▶ _Task description_: Look through the listing below for the line with "- In the top-right search bar, type: WPCode." and the line with "央視鏡頭柳江美,銀柳水上暖心扉 發布時間:2026年02月06日 13時來源:本站原創瀏覽:56". Copy both, along with every line between them, exactly and with no pictures.

▶ _Records supplied_:
········

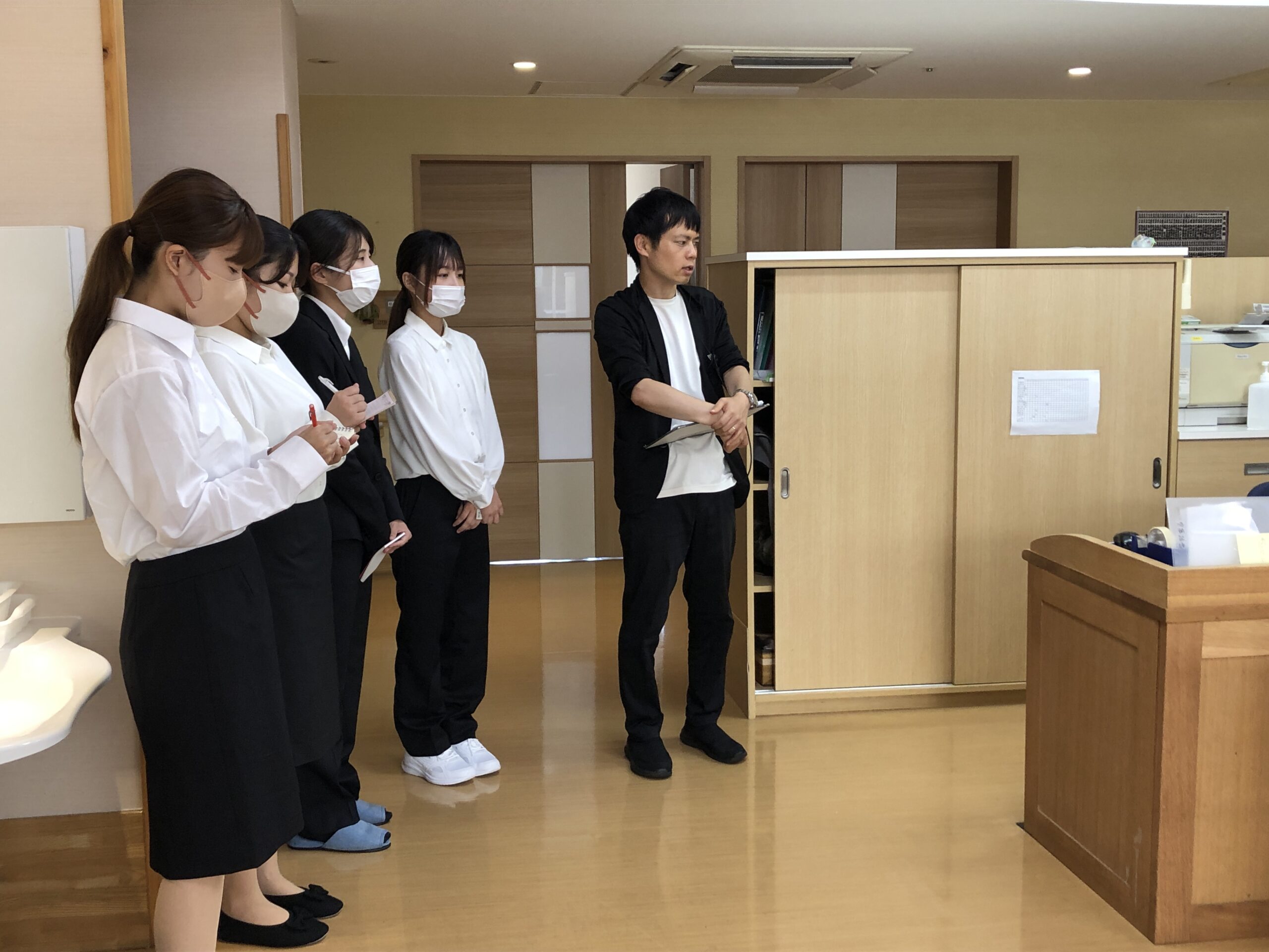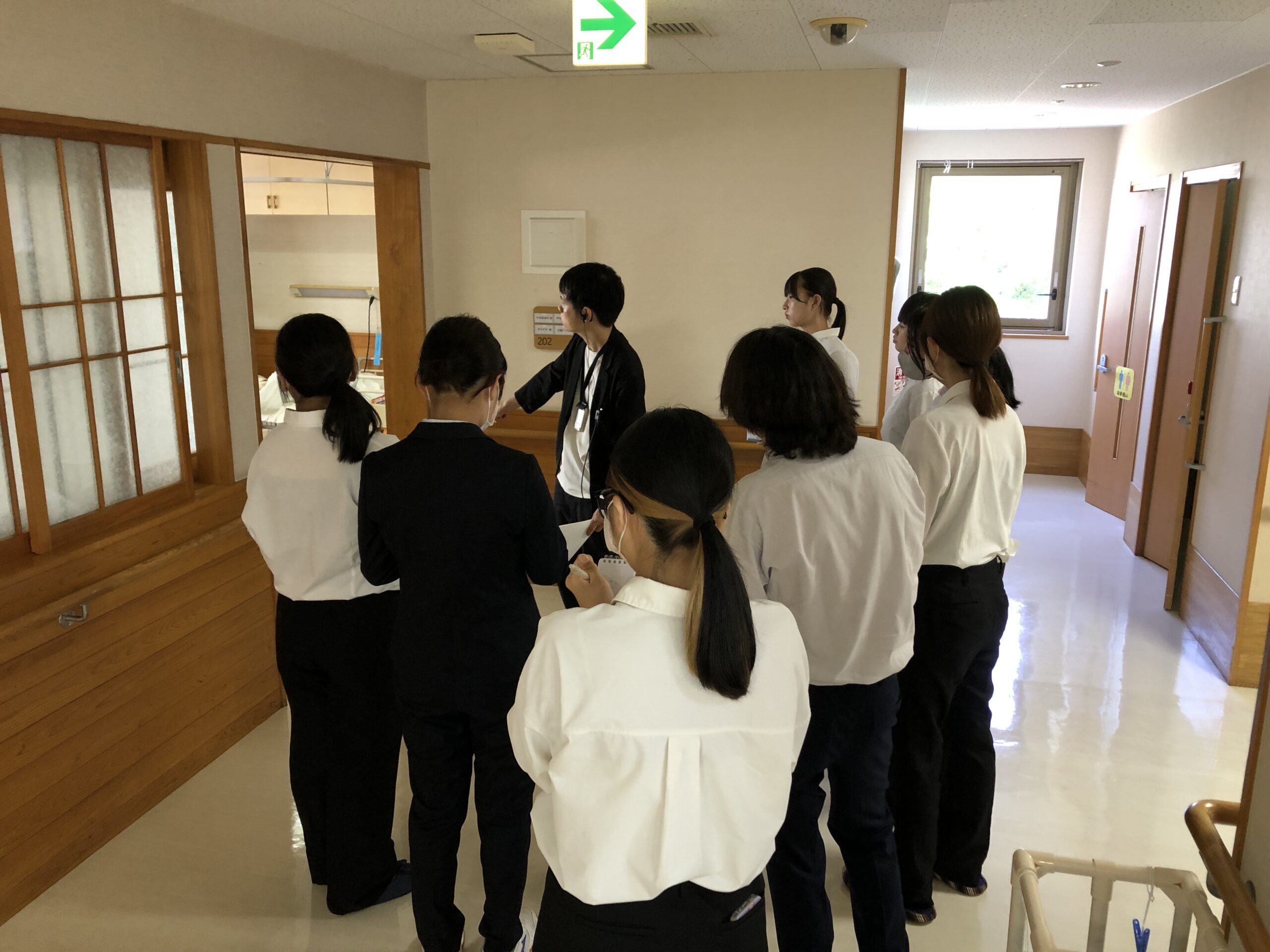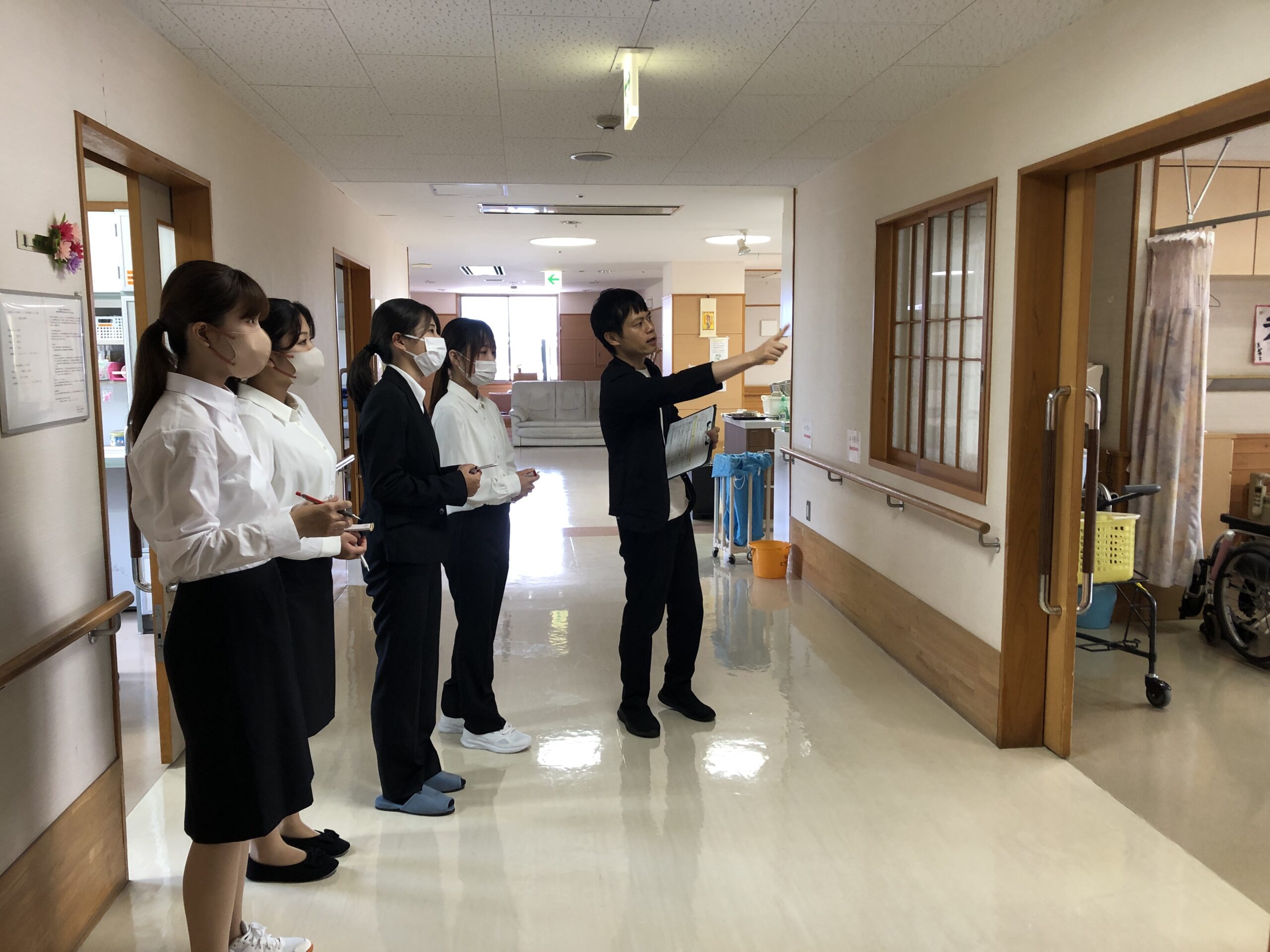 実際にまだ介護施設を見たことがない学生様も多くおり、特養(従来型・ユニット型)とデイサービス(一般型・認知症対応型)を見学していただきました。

········

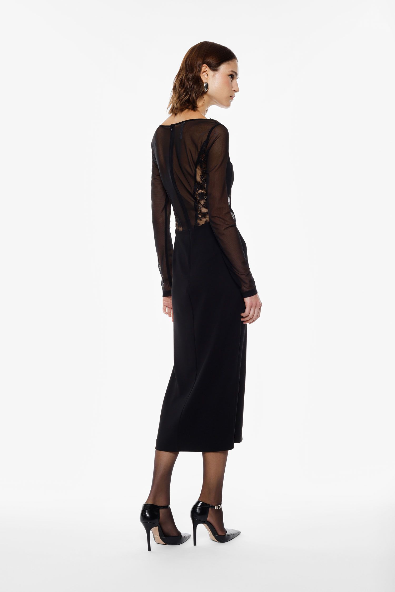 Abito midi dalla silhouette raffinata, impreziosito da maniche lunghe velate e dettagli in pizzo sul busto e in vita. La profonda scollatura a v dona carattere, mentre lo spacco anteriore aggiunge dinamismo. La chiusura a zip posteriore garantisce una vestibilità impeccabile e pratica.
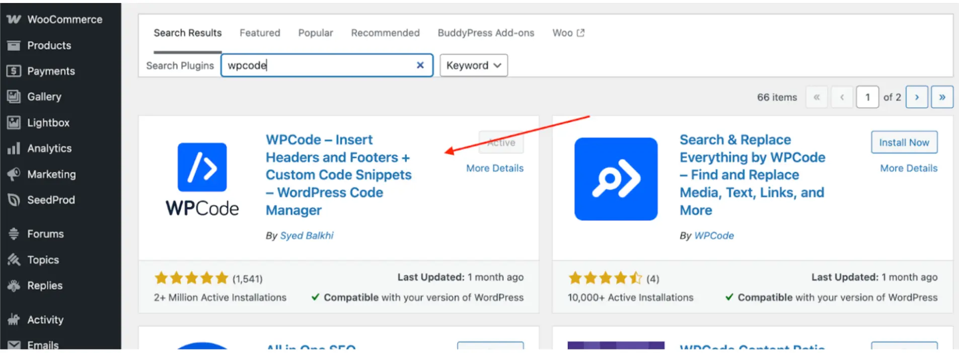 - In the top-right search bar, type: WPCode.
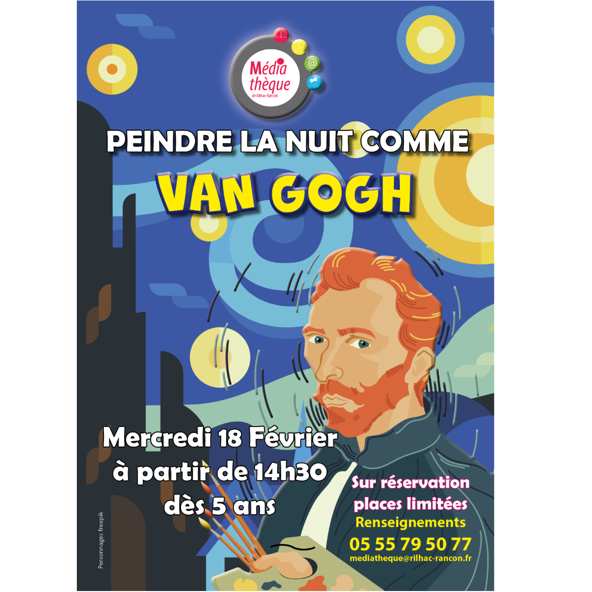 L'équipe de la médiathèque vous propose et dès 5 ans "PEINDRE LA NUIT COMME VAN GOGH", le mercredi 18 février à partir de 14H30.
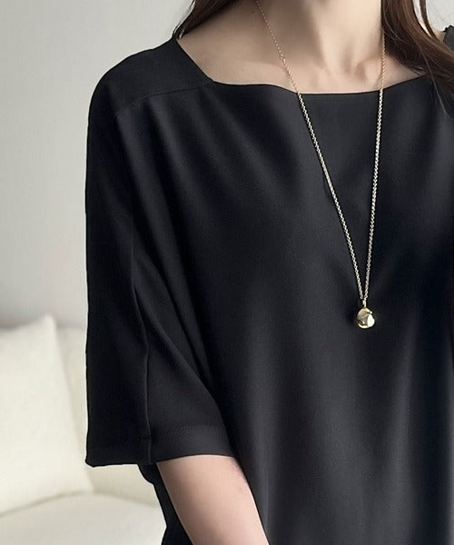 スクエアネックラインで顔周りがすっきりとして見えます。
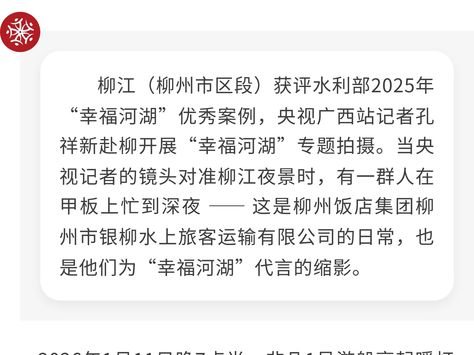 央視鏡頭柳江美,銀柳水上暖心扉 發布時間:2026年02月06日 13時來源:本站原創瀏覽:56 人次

········

▶ _Result_:
 - In the top-right search bar, type: WPCode.
 L'équipe de la médiathèque vous propose et dès 5 ans "PEINDRE LA NUIT COMME VAN GOGH", le mercredi 18 février à partir de 14H30.
 スクエアネックラインで顔周りがすっきりとして見えます。
 央視鏡頭柳江美,銀柳水上暖心扉 發布時間:2026年02月06日 13時來源:本站原創瀏覽:56 人次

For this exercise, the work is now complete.